Exercise description = Please keep the images out and set down the data exactly as given.

Records for the exercise =
- Opening Delimiter -

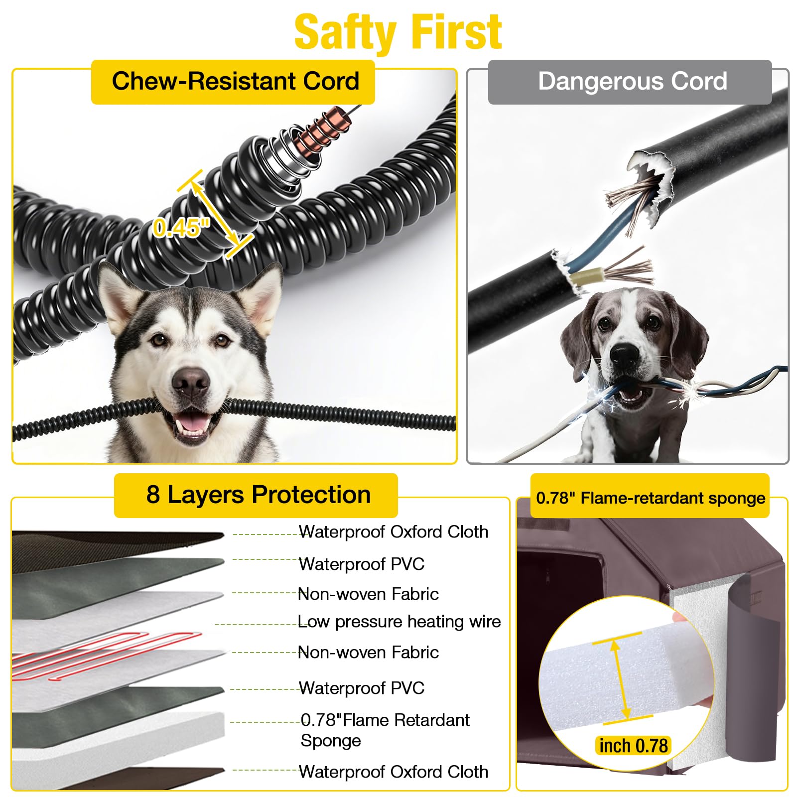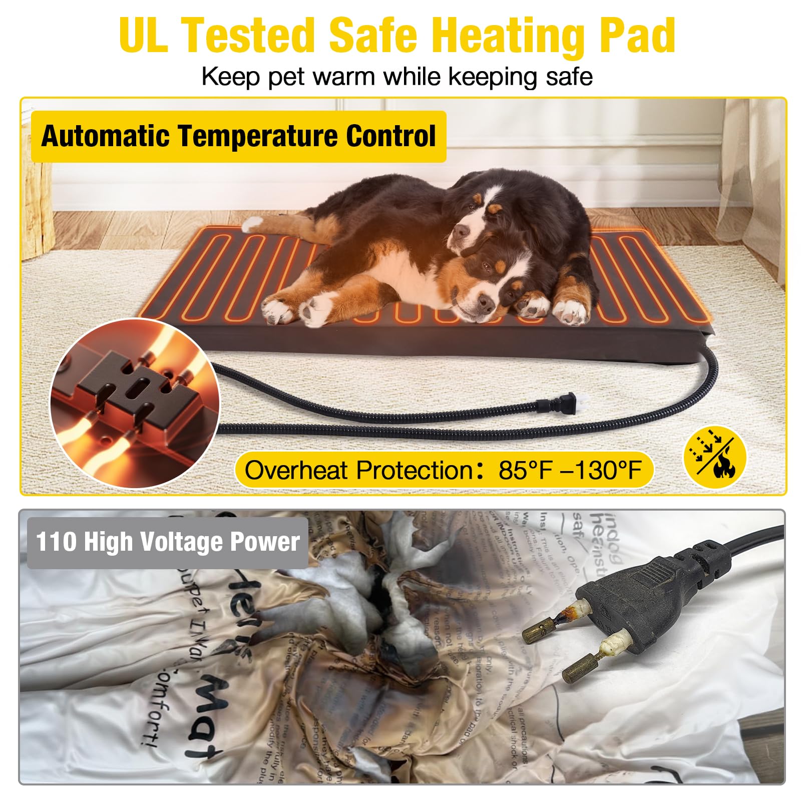 - Safe Heating System: UL-tested heating pad with automatic temperature control (89-116°F). Build in high-temperature protection device preventing overheating or chilling, ensures consistent warmth. 6.5 ft chew-resistant cord adds an extra layer of safety
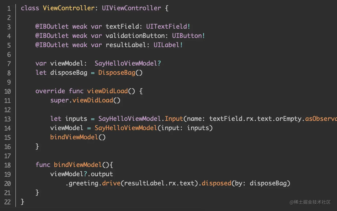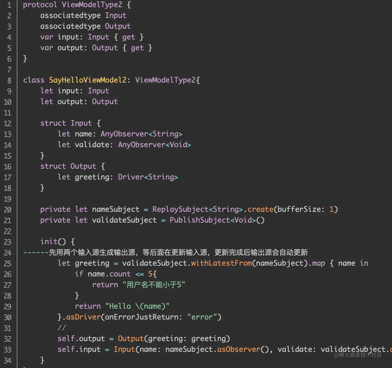 1.如果输入源能一次性拿到,那么可以用第一种方式,通过初始化输入源得到输出源,然后在 Controller 中将输出源与观察者进行绑定,如下所示:
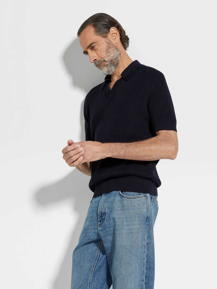 • Regular fit• Small Diamond stitch texture• 14 gauge• Open polo collar• Short sleeves• Ribbed hem and cuffs
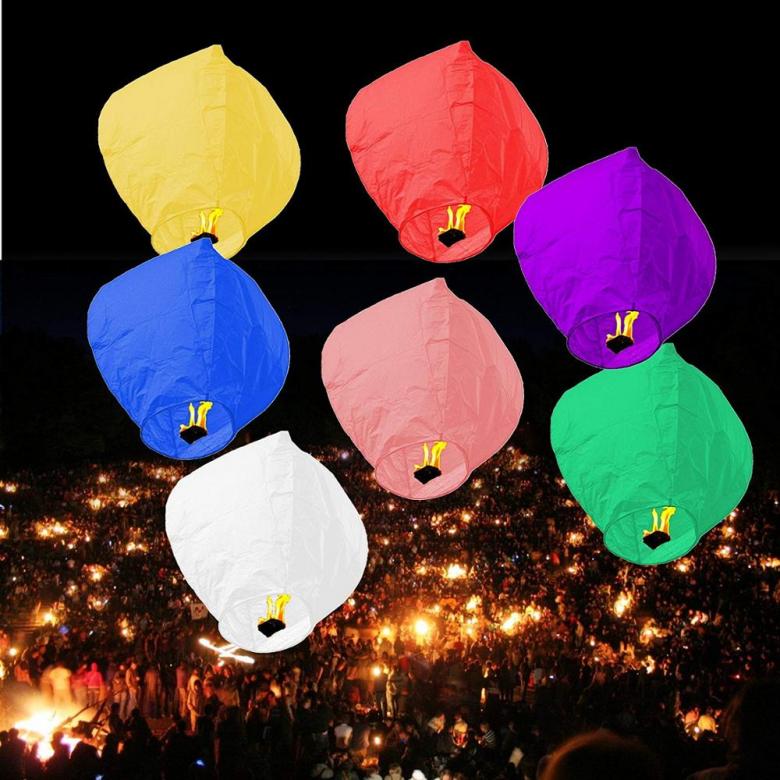 Choisissez des formes de ballons ou de cylindres selon vos besoins. Ils décollent de la même manière que les ballons. Les frères Montgolfier remplissaient autrefois des obus d'une substance fumante qui voyageait à des kilomètres dans l'air. Le principe de l'ozone chauffé, qui devient plus léger en raison d'une réduction de sa densité, est déclenché. Ils sont propulsés par la différence entre la densité de l'air intérieur et extérieur. Pour les lanternes, il est recommandé de choisir un moment sombre de la journée, sans nuages. En moyenne, ils durent jusqu'à 20 minutes en vol.
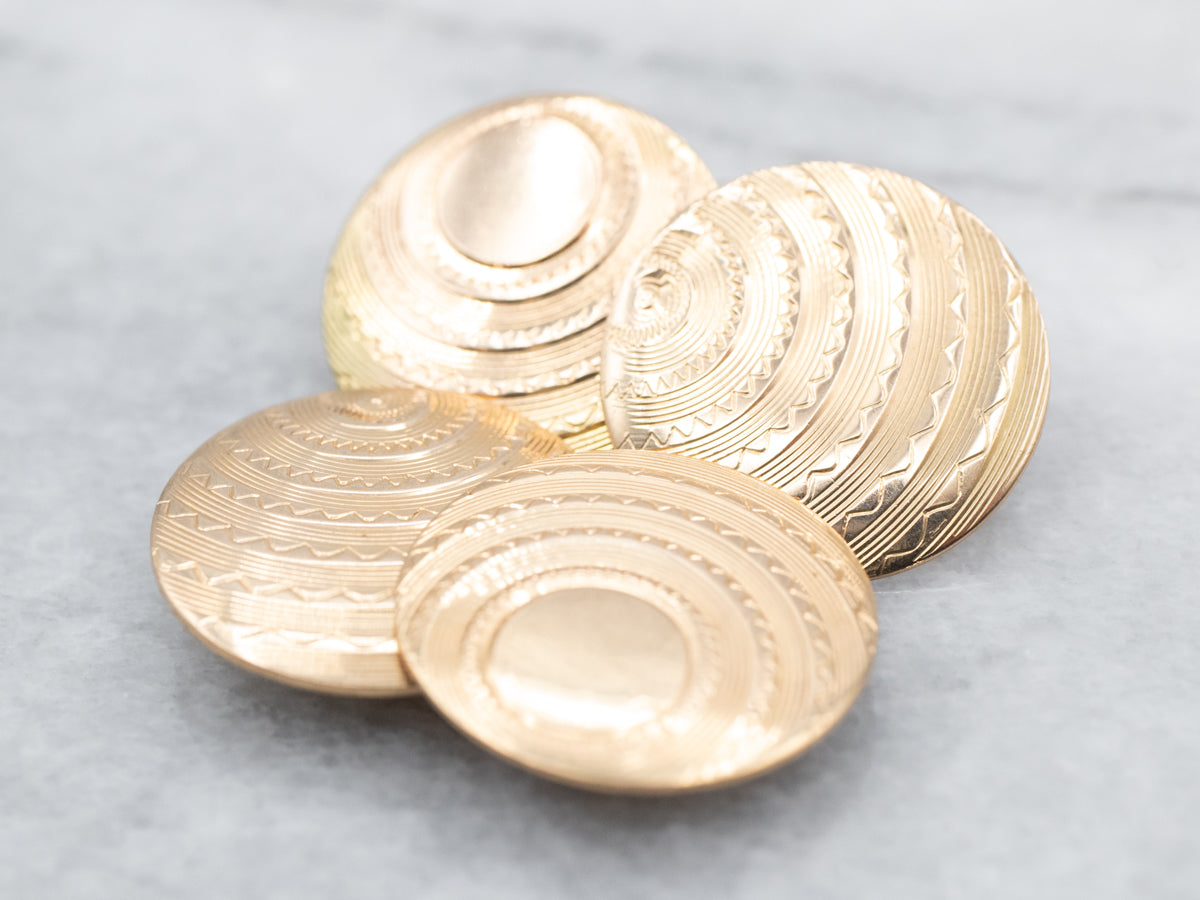 These vintage cufflinks are the very definition of sophistication. The metal is bright, but softly polished yellow gold etched with radiant, pinstriped, and zig-zag patterns.
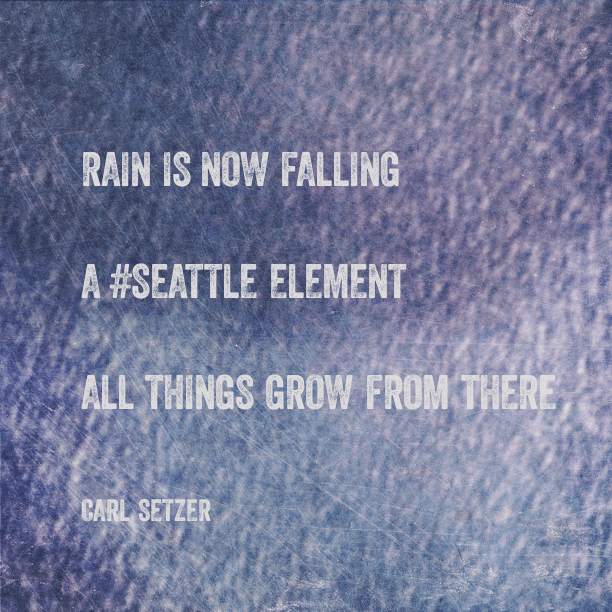 A Rainy Seattle Friday: Haiku Challenge Posted on November 3, 2017 by Carl Setzer Rain is now falling A #Seattle element All things grow from there The “word of the day” was “element” Share this: Click to share on X (Opens in new window) X Click to share on Facebook (Opens in new window) Facebook Click to share on Tumblr (Opens in new window) Tumblr Click to share on Pinterest (Opens in new window) Pinterest Click to share on Reddit (Opens in new window) Reddit Like Loading... Related Published by Carl Setzer Writing haiku trying to figure out life View all posts by Carl Setzer
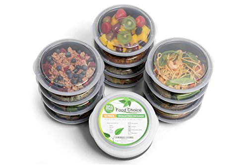 Contenitori per alimenti con coperchio per pranzo, controllo porzioni e conservazione - Impilabili, senza BPA, 1 scomparto, circolari, adatti per congelatore, lavastoviglie e microonde (set da 12)
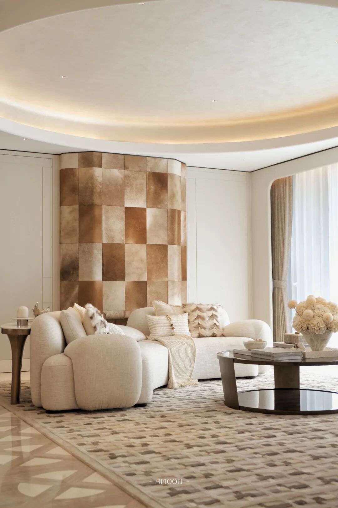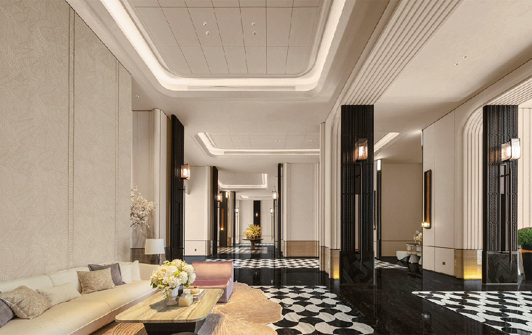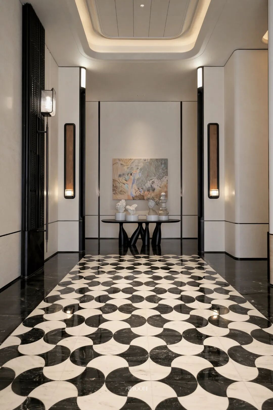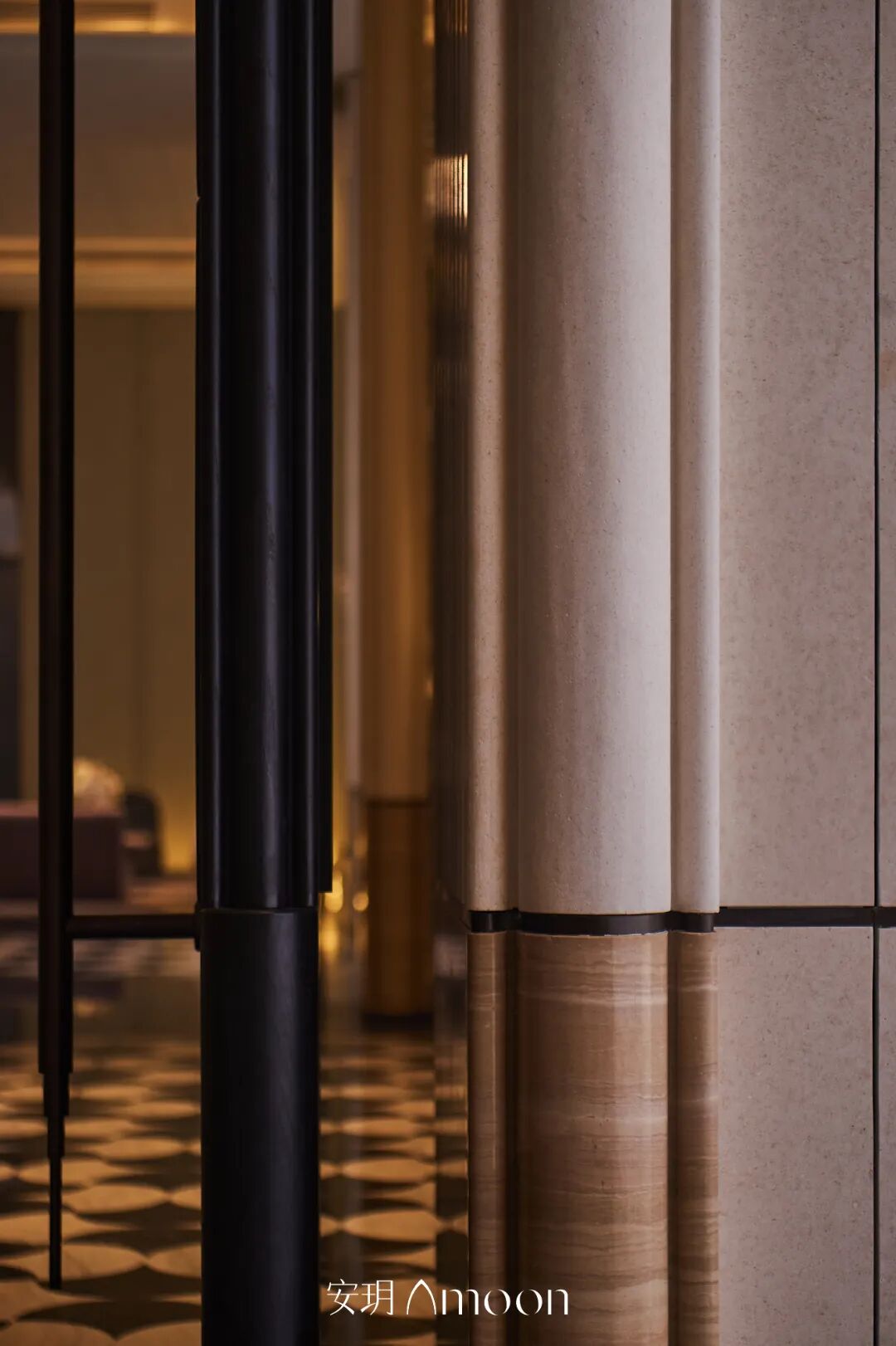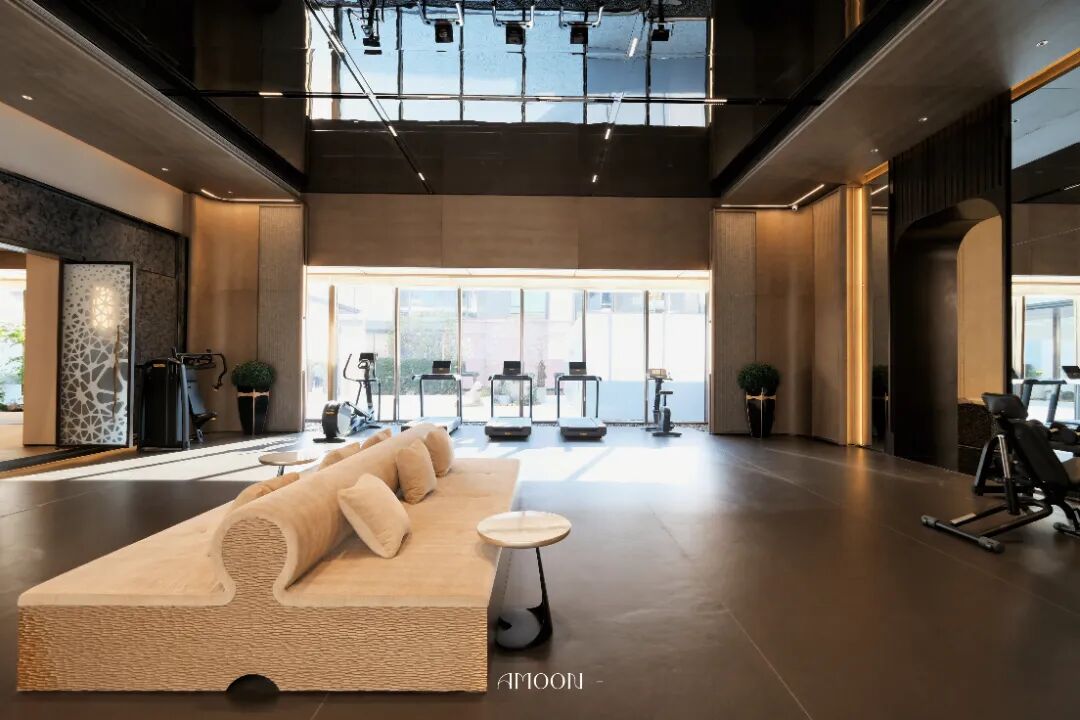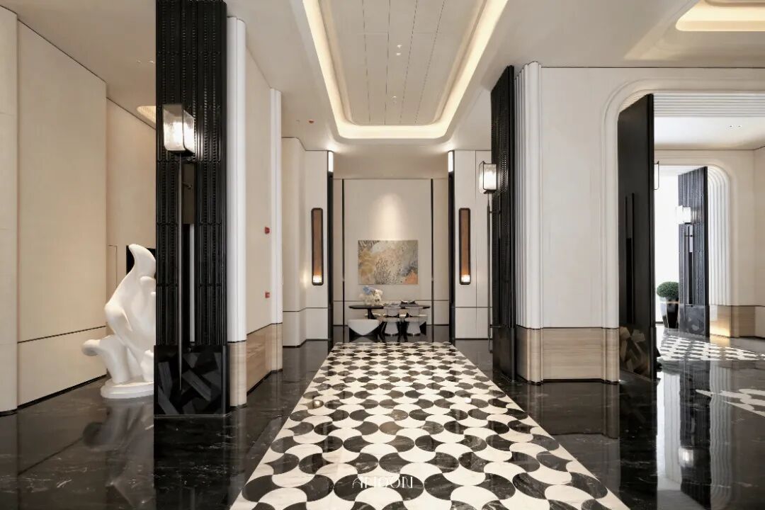 走在其中,自然而然能够感受到艺术的浓度——日光掠过手工打磨的法国莱姆石墙面,流转如绸,映照出仿佛亚麻织物般的温润质感;层层递进的海派拱门与屏风让整个空间呈现出欧式建筑的序列感;亿万年云石铺就得月光艺术地库入口,将归家的情绪瞬间拉满,而温润的穹顶光轴,既成为天然的行车引导,又让光影随动线流转,赋予空间动态的艺术感。
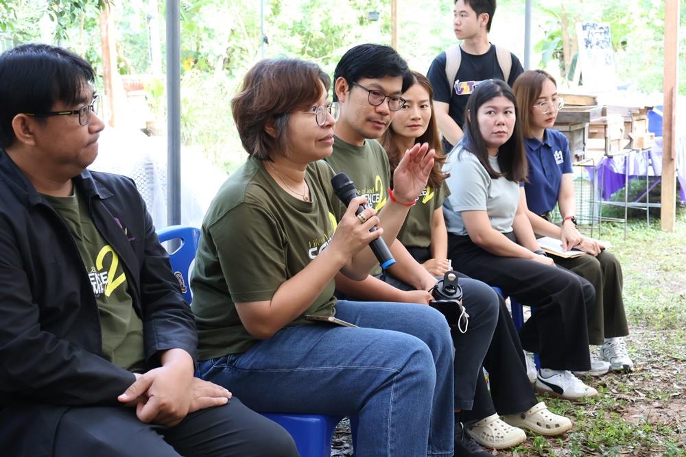 ผู้ช่วยศาสตราจารย์ ดร.เริงฤทัย ศิริรักษ์ หัวหน้าโครงการ นำเสนอความก้าวหน้าของโครงการที่มุ่งเน้นการฟื้นฟูพื้นที่ป่าและการสร้างความร่วมมือที่ยั่งยืนกับชุมชนท้องถิ่น โดยคุณจิระชัย ไชยวงค์ นวัตกรท้องถิ่นจากบ้านโซ้ ร่วมให้ข้อมูลเชิงลึกเกี่ยวกับพื้นที่
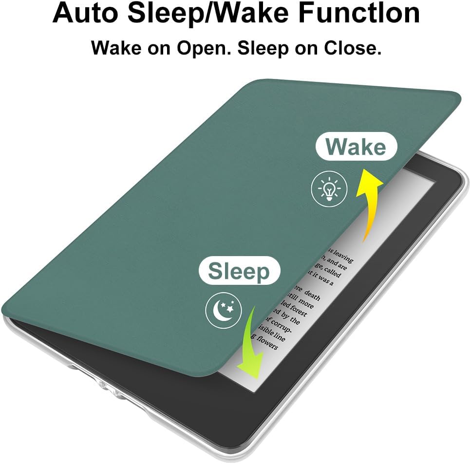 حالة لـ 6 "Kindle (الجيل الحادي عشر -2024 إصدار) ، الغطاء الخلفي الشفافة الشفافة الشفافة الناعمة واضحة مع نوم/استيقاظ تلقائي لـ Kindle (Model No. RS23CV) ، Green Dark
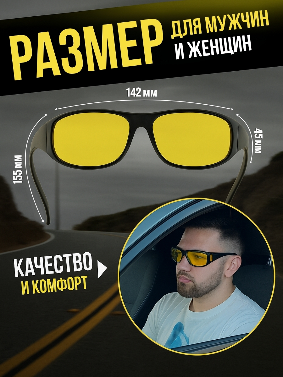 Поляризационные очки для водителей HD Vision с жёлтыми линзами повышают чёткость контуров,
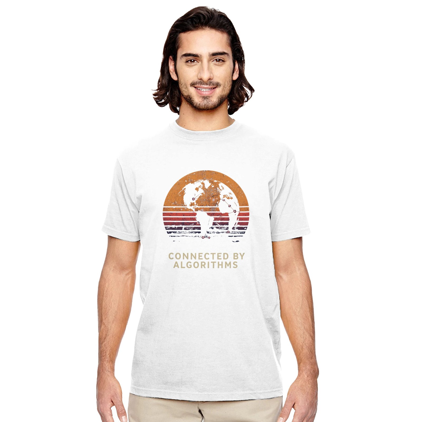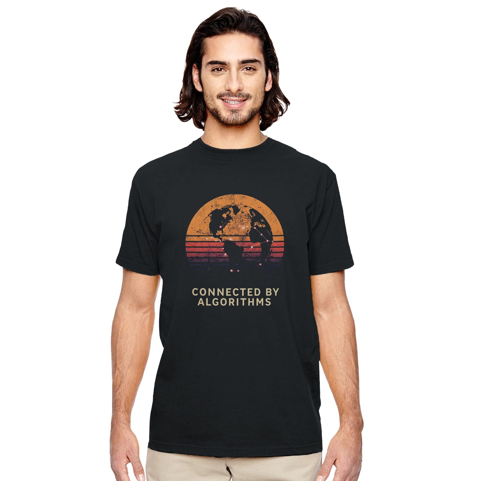 Celebrate the power of connectivity with this retro AI globe silhouette design. With its “Connected by Algorithms” slogan, this shirt is ideal for tech enthusiasts, AI fans, and anyone who lives in the digital age.

- Closing Delimiter -

Response to this task =
 - Safe Heating System: UL-tested heating pad with automatic temperature control (89-116°F). Build in high-temperature protection device preventing overheating or chilling, ensures consistent warmth. 6.5 ft chew-resistant cord adds an extra layer of safety
 1.如果输入源能一次性拿到,那么可以用第一种方式,通过初始化输入源得到输出源,然后在 Controller 中将输出源与观察者进行绑定,如下所示:
 • Regular fit• Small Diamond stitch texture• 14 gauge• Open polo collar• Short sleeves• Ribbed hem and cuffs
 Choisissez des formes de ballons ou de cylindres selon vos besoins. Ils décollent de la même manière que les ballons. Les frères Montgolfier remplissaient autrefois des obus d'une substance fumante qui voyageait à des kilomètres dans l'air. Le principe de l'ozone chauffé, qui devient plus léger en raison d'une réduction de sa densité, est déclenché. Ils sont propulsés par la différence entre la densité de l'air intérieur et extérieur. Pour les lanternes, il est recommandé de choisir un moment sombre de la journée, sans nuages. En moyenne, ils durent jusqu'à 20 minutes en vol.
 These vintage cufflinks are the very definition of sophistication. The metal is bright, but softly polished yellow gold etched with radiant, pinstriped, and zig-zag patterns.
 A Rainy Seattle Friday: Haiku Challenge Posted on November 3, 2017 by Carl Setzer Rain is now falling A #Seattle element All things grow from there The “word of the day” was “element” Share this: Click to share on X (Opens in new window) X Click to share on Facebook (Opens in new window) Facebook Click to share on Tumblr (Opens in new window) Tumblr Click to share on Pinterest (Opens in new window) Pinterest Click to share on Reddit (Opens in new window) Reddit Like Loading... Related Published by Carl Setzer Writing haiku trying to figure out life View all posts by Carl Setzer
 Contenitori per alimenti con coperchio per pranzo, controllo porzioni e conservazione - Impilabili, senza BPA, 1 scomparto, circolari, adatti per congelatore, lavastoviglie e microonde (set da 12)
 走在其中,自然而然能够感受到艺术的浓度——日光掠过手工打磨的法国莱姆石墙面,流转如绸,映照出仿佛亚麻织物般的温润质感;层层递进的海派拱门与屏风让整个空间呈现出欧式建筑的序列感;亿万年云石铺就得月光艺术地库入口,将归家的情绪瞬间拉满,而温润的穹顶光轴,既成为天然的行车引导,又让光影随动线流转,赋予空间动态的艺术感。
 ผู้ช่วยศาสตราจารย์ ดร.เริงฤทัย ศิริรักษ์ หัวหน้าโครงการ นำเสนอความก้าวหน้าของโครงการที่มุ่งเน้นการฟื้นฟูพื้นที่ป่าและการสร้างความร่วมมือที่ยั่งยืนกับชุมชนท้องถิ่น โดยคุณจิระชัย ไชยวงค์ นวัตกรท้องถิ่นจากบ้านโซ้ ร่วมให้ข้อมูลเชิงลึกเกี่ยวกับพื้นที่
 حالة لـ 6 "Kindle (الجيل الحادي عشر -2024 إصدار) ، الغطاء الخلفي الشفافة الشفافة الشفافة الناعمة واضحة مع نوم/استيقاظ تلقائي لـ Kindle (Model No. RS23CV) ، Green Dark
 Поляризационные очки для водителей HD Vision с жёлтыми линзами повышают чёткость контуров,
 Celebrate the power of connectivity with this retro AI globe silhouette design. With its “Connected by Algorithms” slogan, this shirt is ideal for tech enthusiasts, AI fans, and anyone who lives in the digital age.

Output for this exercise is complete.